The hybrid zeolite imidazole framework (HZ) powders were synthesized with a slight modification to a previously described method [43]. Typically, in order to develop cobalt nanoparticles and CNTs, the ratio of Co2+: Zn2+ was kept at 2:1. The appropriate amount of CNF solution was sonicated for 30 min in a 100 mL beaker of water. Next, cobalt acetate tetrahydrate (0.06 M) and zinc acetate dihydrate (0.03 M) were dissolved via magnetic stirring at room temperature. The aqueous solution of 2-MIM (0.7 M) was poured in the above mixture under vigorous stirring at 1000 rpm for 15 min. The mixture was kept for 24 h at room temperature. The cellulose nanofibers-hybrid zeolite imidazole framework (CNF–HZ) powder was collected by centrifuging at around 7000 rpm and washed with ethanol and water. Finally, the sample was dried at 60 °C under a vacuum furnace to get composites of the CNF (1, 3, and 5 wt.%) with HZ. The HZ powder was prepared as described above without the addition of the CNF.
Initially, nitrogen was passed over the samples for 30 min in a tube furnace at room temperature. Then the samples were pyrolyzed at 800 °C for 5 h under a continuous nitrogen gas flow in the tube furnace to form hybrid zeolite imidazole framework nanoporous carbon (HZNPC) and CNF–HZNPC (1, 3, and 5 wt.%). A heating rate of 2 °C/min was applied for the carbonization process. The schematic for the preparation of the samples is shown in Figure 1. For comparison, a 3% CNF–HZNPC composite was prepared by physically mixing HZNPC and CNF. The photograph of powder sample is shown in Figure S1a.

2.3. Characterization

The synthesized HZ and the nanocomposites of CNF–HZ were characterized using different microscopic and spectroscopic techniques. XRD patterns were acquired on a diffractometer (Bruker D8 Advance, Billerica, Germany) with a Cu target (40 kV, 40 mA) from 10° to 80° at a scan rate of 3° min−1 with a step size of 0.02°. The surface morphologies of the samples were observed using SEM (JEM-3010, JEOL Ltd., Tokyo, Japan) 15 kV in a high vacuum. N2 adsorption–desorption measurement was carried out using a Micromeritics ASAP 2460 (Norcross, GA, USA) analyzer at −196 °C. X-ray photoelectron spectroscopy (XPS) analysis was conducted on a Veresprobe II (ULVAC-PHI, Kanagawa, Japan) equipped with a monochromatic Al-Kα X-ray source.

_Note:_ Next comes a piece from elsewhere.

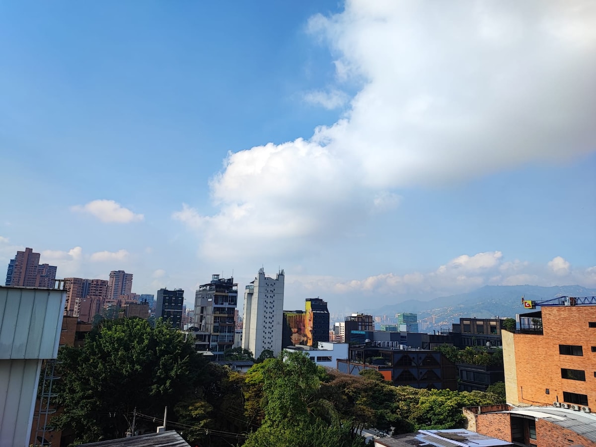 RECENTLY RENOVATED -High-speed internet great for remote work -Brand new A/C -Fully renovated Industrial design apartment -King size bed -Breathtaking views of Medellín (trust me, worthwhile to stay here) -19th floor -Unbeatable location in Poblado near to Provenza and Lleras Park -Modern amenities -Spacious living area -Smart TV x 2 -Fully equipped kitchen -Washer & Dryer Tower -Pool -Gym -Coworking space -Restaurant inside the building -Private parking -Self check-in -24/7 Security

2.4. Electrochemical Study

Electrochemical measurements were performed using a VersaSTAT 3 potentiostat. A platinum foil and Hg/HgO were used as the reference electrode and counter electrode, respectively. A glassy carbon substrate (25 × 25 mm2) was used as the working electrode. 1 mg powder was mixed with 100 μL of ethanolic solution of Nafion® (0.2 wt.%) binder using an ultrasonication bath for 30 min. The resultant colloidal slurry was coated on a glassy carbon electrode (GCE). Cyclic voltammetry (CV) analysis was conducted in a 1 M KOH aqueous solution by potential cycling between −0.8 and 0.4 V (vs. Hg/HgO) at scan rates of 5 to 300 mV/s. Galvanostatic charge–discharge (GCD) analysis was performed by scanning the potential from −0.8 to 0.4 V (vs. Hg/HgO) at current densities from 1 to 10 A/g in 1 M KOH. Each electrode was fabricated and electrochemically tested at room temperature for four times.

3. Results

The XRD patterns of all samples are shown in Figure 2a. Figure 2b shows the XRD pattern of HZ and HZNPC. The XRD patterns of the prepared HZ and HZNPC matches exactly with the XRD pattern that was reported previously [12,43]. The intensity of the characteristic peak of the CNF at around 15.6° increased with the increase in CNF in the CNF–HZ composite (Figure 2a). This increase in the XRD peak intensity of CNF implies that crystallinity has been increased and its homogenous distribution on the HZ. The presence of broad peaks around 25.5° and 42.64° indicates an alignment of carbon layer planes. The XRD patterns of the carbonized sample appearing at 36.62°, 42.64°, and 61.94° are assigned for CoO while the peaks at 44.32°, 51.6°, and 75.96° match with the metallic Co (00-015-0806) [43,44]. The most intense peak at 44.32° also matches with the carbon (01-080-0017). The of Zn particles was decomposed at high temperature as its melting point is lower (~600 °C) than carbonization temperature (800 °C) [45].
The morphological features of the samples were observed using FESEM analysis. FESEM images of HZ and composite HZ before and after carbonization are shown in Figure 3. The FESEM image for CNF is shown in Figure S1b. A nanofiber network with a highly interconnected sheet-like structure was observed for CNF. The length of nanofiber was a few nanometers, and the diameter was less than 20 nm. FESEM images of as-prepared HZ are shown in Figure 3a–c. A rhombic dodecahedral structure can be observed for the HZ before carbonization. After carbonization, the polyhedral carbon structure derived from ZIF is destroyed during the formation of metallic cobalt and some cobalt oxide. As reported previously, the carbonization with a lower heating rate of 2 °C/min was essential to develop the CNTs (Figure 3g–i) [43]. The structure of the 3% CNF–HZ is like the structure of HZ, while after incorporation of CNF and carbonization, most of the rhombic dodecahedral portion is destroyed (Figure 3j–l). It has been reported that the catalytic active Co metal particles present on the carbon matrix can enhance the degree of graphitization, resulting in the growth of CNTs [45]. The existence of CNTs and CNF enhances the electrical conductivity of the HZ composite.
N2 adsorption-desorption isotherm of HZNPC and 3% CNF-HZNPC is shown in Figure S1c. The surface area of 3% CNF-HZNPC was 316.97 m2/g, which is higher than HZNPC (306.67 m2/g). The incorporation of CNF showed slightly increased surface area of the composite, which can provide advantage for supercapacitor application.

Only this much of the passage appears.